2. The method for evaluating the effective thermal conductivity of porous materials based on a multi-scale algorithm according to claim 1, characterized in that, The random sequential adsorption algorithm in step one supports a controlled overlap mode, which can simulate the morphology of open or closed microstructures by adjusting the Euclidean distance threshold of collision detection.

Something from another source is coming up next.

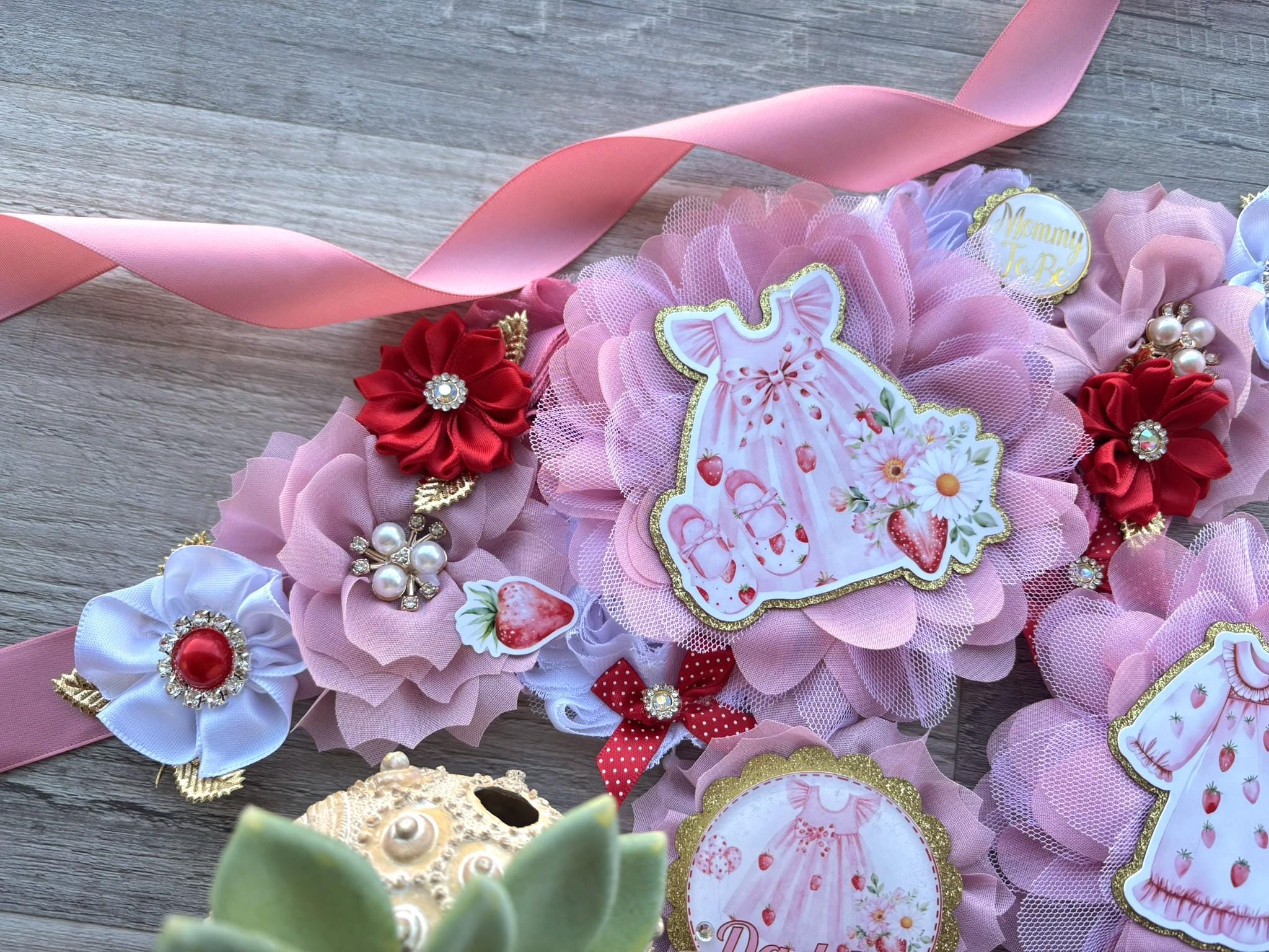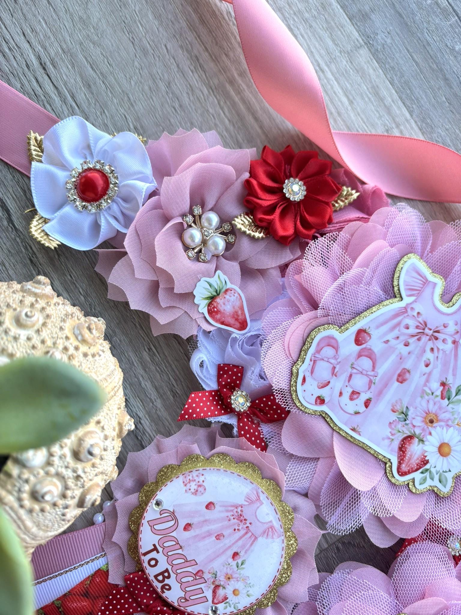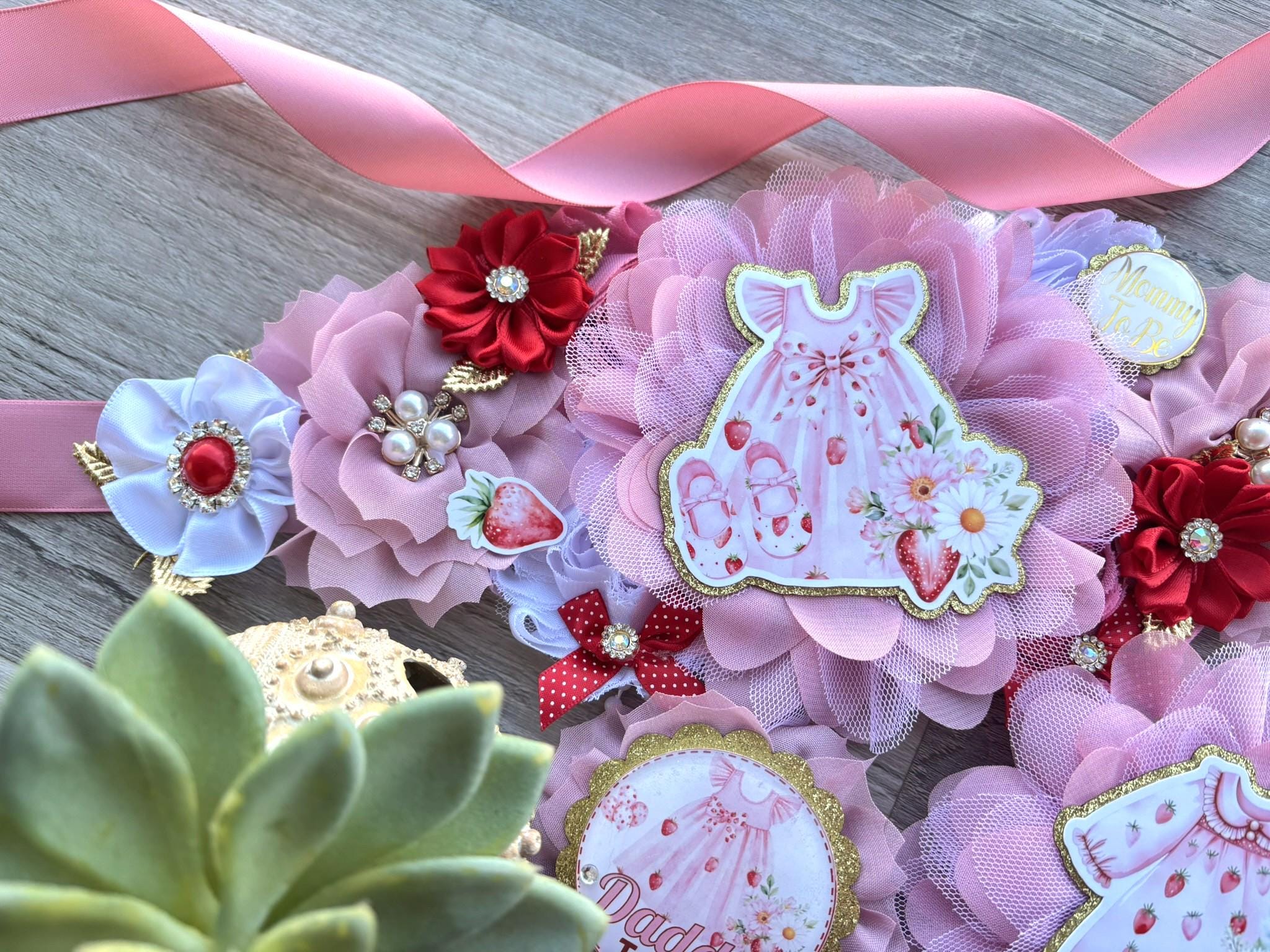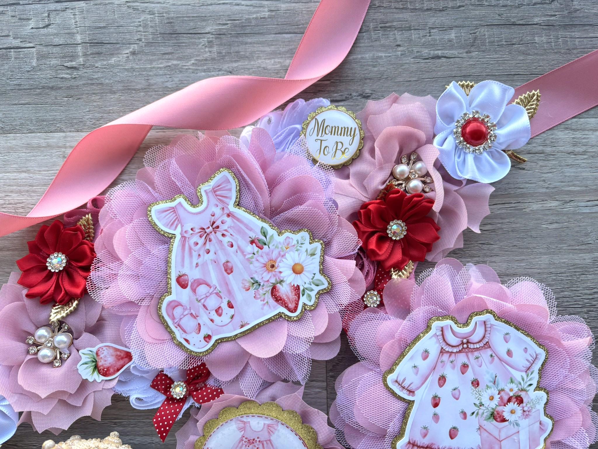 This Strawberry Sash & Pin Set was made especially for a Baby Shower or a Photo Prop.

3. The method for evaluating the effective thermal conductivity of porous materials based on a multi-scale algorithm according to claim 1, characterized in that, The thermal resistance network solver in step three uses the finite difference concept to treat the contact interface between grid nodes as equivalent thermal resistance, calculates the equivalent conductivity of adjacent nodes using harmonic mean, and solves the steady-state temperature field of each node using the Gauss-Seidel iteration method.
4. The method for evaluating the effective thermal conductivity of porous materials based on a multi-scale algorithm according to claim 1, characterized in that, In step three, the Monte Carlo random walk solver simulates the random jumping behavior of hot carriers at different phase interfaces by deploying virtual particles of a preset size, and records the mean square displacement of the particles as the time step evolves.
5. The method for evaluating the effective thermal conductivity of porous materials based on a multi-scale algorithm according to claim 1, characterized in that, Step three also includes a parameter scanning mechanism, which uses preset porosity or pore size as scanning variables, automatically traverses the variable range and performs iterative calculations to generate an evolution curve of the effective thermal conductivity as a function of structural parameters.
6. The method for evaluating the effective thermal conductivity of porous materials based on a multi-scale algorithm according to claim 1, characterized in that, Step four is followed by an automated report generation step, which summarizes and outputs the input geometric parameters, boundary conditions, convergence residual curves, and final calculation results as an electronic report document.
7. An electronic device employing the evaluation method according to any one of claims 1 to 6, characterized in that, It includes a processor and a memory, wherein the memory stores a computer program, and the processor executes the computer program to implement the steps of the method.